The Minnesota Supreme Court will once again grapple with the arising out of the course of employment and the aftermath of its ruling in Dykhoff. In Kubis, a nurse was working at a hospital when a code was called requiring all available staff to respond. Kubis v. Community Mem’l Hosp. Assoc., No. WC15-5842 (Feb. 5, 2016). At the time the code was called, the employee had worked 15 minutes past her shift time and was giving the oncoming shift nurses information regarding the patients.

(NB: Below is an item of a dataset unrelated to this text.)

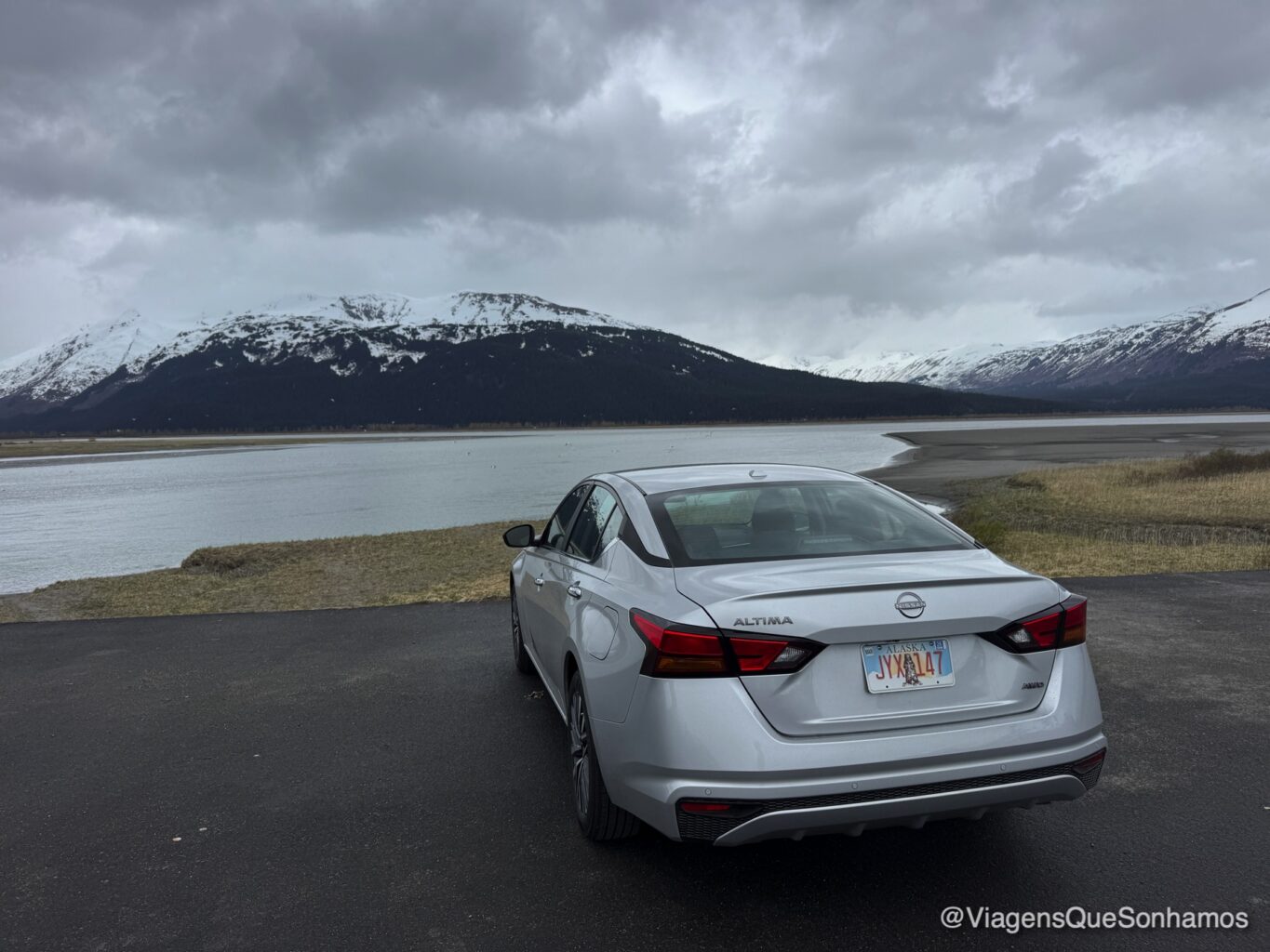 Chegamos no aeroporto de Anchorage, vindos de Seattle e fomos pegar o carro alugado. Para aproveitar melhor a região de Anchorage, é necessário estar com carro alugado. Como sempre, alugamos ainda no Brasil, pagando em reais com a RentCars. Saindo do aeroporto já ficamos encantados com a paisagem.

The employee responded to the code on the first floor and discovered it was a mock code. She was returning to her reporting station on the second floor and called for an elevator. The elevator was full, so she rushed up the stairs instead and fell, injuring her right shoulder.

The employee agreed that the stairs were not defective, but stated that she was fatigued after working seven shifts in a row and she was rushing because she felt pressure to comply with her job requirements of logging out timely. Witnesses were eventually called, who testified that the employee had worked four shifts, not seven, and that there was no policy or concern at the hospital for timely logging out.

The compensation judge held that Dykhoff requires a showing of increased risk to show that an injury arises out of employment. The WCCA, however, found that unlike Dykhoff, in which the employee fell for no apparent reason, the employee in this case fell due to fatigue and hurrying. Thus, the WCCA reversed the compensation judge, finding that the employee’s injury arose out of her employment because she felt rushed to report to the next nursing shift.

The other case recently heard before the Minnesota Supreme Court dealing with the element of arising out of is Hohlt. Hohlt v. Univ. of Minn., No. WC15-5821 (Feb. 3, 2016). In Hohlt, the employee worked at the University of Minnesota campus, and after work, walked to the parking ramp that was owned and operated by the University of Minnesota. She slipped and fell on an icy sidewalk maintained by the University.

The compensation judge concluded that the employee’s injury did not arise out of her employment because he accepted the employer’s argument that the Minnesota Supreme Court’s decision in Dykhoff was a “game changer” and created a new standard for determining whether an injury arose out of employment. The WCCA, however, disagreed and reversed.

The WCCA stated that based on the Supreme Court’s analysis in Dykhoff and other cases that it is apparent that the special risk or special hazard analysis applies in those cases when the employee is injured while not on the employer’s premises. Therefore, the injury is compensable if the employee faces an increased risk of injury on the employer’s premises because she was an employee and her injury stemmed from that risk. The WCCA stated that it was “irrelevant if members of the general public might encounter the same risk because they were not brought to that risk by employment. This circumstance has been labeled “increased risk” rather than “special risk.” Hohlt Thus, similar to the increased risk analysis the Supreme Court applied in Dykhoff, the WCCA concluded that the employee’s injury arose out of her employment because the employer owned and operated the parking lot, which was icy, and the employee was there not as part of the general public, but because of her employment by the university.

The Minnesota Supreme Court will issue rulings on Kubis and Hohlt in 2017

The arising out of element means that there must be some causal connection between the injury and the employment. However, it remains to be seen how the Minnesota Supreme Court justices may finesse their argument posed in Dykhoff and apply it to the cases of Kubis and Hohlt.